On Wed, Sep 18, 2019 at 10:38 AM Jerry Vinokurov <grapesmo...@gmail.com>
wrote:

> Hi Vadim,
>
> Thanks for your suggestion. We do preregister the classes, like so:
>
> object KryoRegistrar {
>>
>>   val classesToRegister: Array[Class[_]] = Array(
>>     classOf[MyModel],
>>    [etc]
>> ) }
>>
>
> And then we do:
>
> val sparkConf = new SparkConf()
>>       .registerKryoClasses(KryoRegistrar.classesToRegister)
>>
>
>  I notice that this is a bit different from your code and I'm wondering
> whether there's any functional difference or if these are two ways to get
> to the same end. Our code is directly adapted from the Spark documentation
> on how to use the Kryo serializer but maybe there's some subtlety here that
> I'm missing.
>
> With regard to the settings, it looks like we currently have the default
> settings, which is to say that referenceTracking is true,
> registrationRequired is false, unsafe is false, and buffer.max is 64m (none
> of our objects are anywhere near that size but... who knows).

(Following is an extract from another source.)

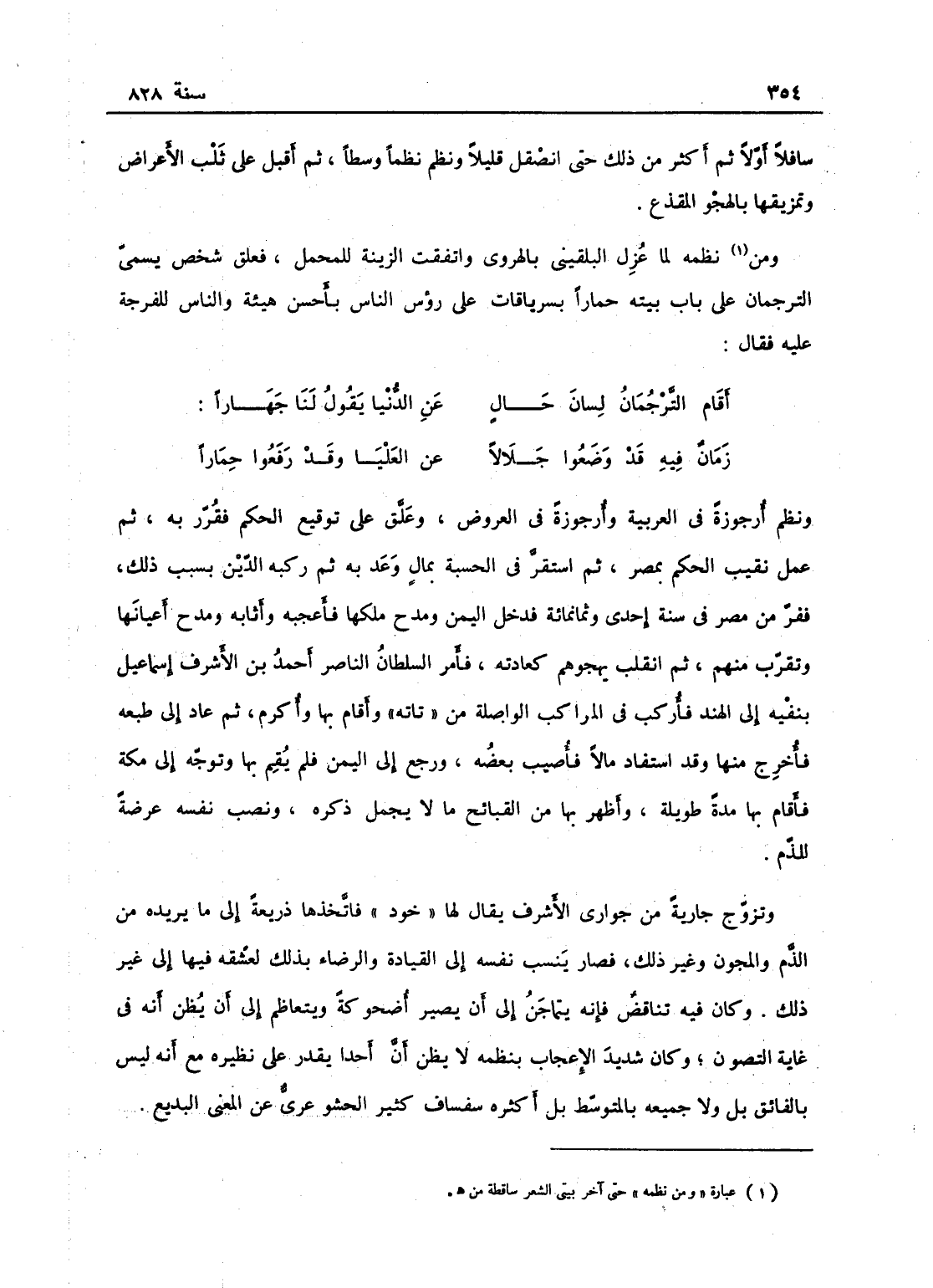 سافلاً أولاً ثم أكثر من ذلك حتى انصقل قليلاً ونظم نظماً وسطاً، ومن نظمه لما عزل البلقيني بالهروي واتفقت الزينة للمحمل فعلق شخص يسمى الترجمان على باب داره بالجنميين حماراً بسرياقات على رؤوس الناس بأحسن هيئة وتردد الناس للفرجة عليه فقال:

I will try it
> with your suggestions and see if it solves the problem.
>
> thanks,
> Jerry
>
> On Tue, Sep 17, 2019 at 4:34 PM Vadim Semenov <va...@datadoghq.com> wrote:
>
>> Pre-register your classes:
>>
>> ```
>> import com.esotericsoftware.kryo.Kryo
>> import org.apache.spark.serializer.KryoRegistrator
>>
>> class MyKryoRegistrator extends KryoRegistrator {
>>   override def registerClasses(kryo: Kryo): Unit = {
>>     kryo.register(Class.forName("[[B")) // byte[][]
>>     kryo.register(classOf[java.lang.Class[_]])
>>   }
>> }
>> ```
>>
>> then run with
>>
>> 'spark.kryo.referenceTracking': 'false',
>> 'spark.kryo.registrationRequired': 'false',
>> 'spark.kryo.registrator': 'com.datadog.spark.MyKryoRegistrator',
>> 'spark.kryo.unsafe': 'false',
>> 'spark.kryoserializer.buffer.max': '256m',
>>
>> On Tue, Sep 17, 2019 at 10:38 AM Jerry Vinokurov <grapesmo...@gmail.com>
>> wrote:
>>
>>> Hi folks,
>>>
>>> Posted this some time ago but the problem continues to bedevil us. I'm
>>> including a (slightly edited) stack trace that results from this error. If
>>> anyone can shed any light on what exactly is happening here and what we can
>>> do to avoid it, that would be much appreciated.
>>>
>>> org.apache.spark.SparkException: Failed to register classes with Kryo
>>>>    at 
>>>> org.apache.spark.serializer.KryoSerializer.newKryo(KryoSerializer.scala:140)
>>>>    at 
>>>> org.apache.spark.serializer.KryoSerializerInstance.borrowKryo(KryoSerializer.scala:324)
>>>>    at 
>>>> org.apache.spark.serializer.KryoSerializerInstance.<init>(KryoSerializer.scala:309)
>>>>    at 
>>>> org.apache.spark.serializer.KryoSerializer.newInstance(KryoSerializer.scala:218)
>>>>    at 
>>>> org.apache.spark.broadcast.TorrentBroadcast$.blockifyObject(TorrentBroadcast.scala:288)
>>>>    at 
>>>> org.apache.spark.broadcast.TorrentBroadcast.writeBlocks(TorrentBroadcast.scala:127)
>>>>    at 
>>>> org.apache.spark.broadcast.TorrentBroadcast.<init>(TorrentBroadcast.scala:88)
>>>>    at 
>>>> org.apache.spark.broadcast.TorrentBroadcastFactory.newBroadcast(TorrentBroadcastFactory.scala:34)
>>>>    at 
>>>> org.apache.spark.broadcast.BroadcastManager.newBroadcast(BroadcastManager.scala:62)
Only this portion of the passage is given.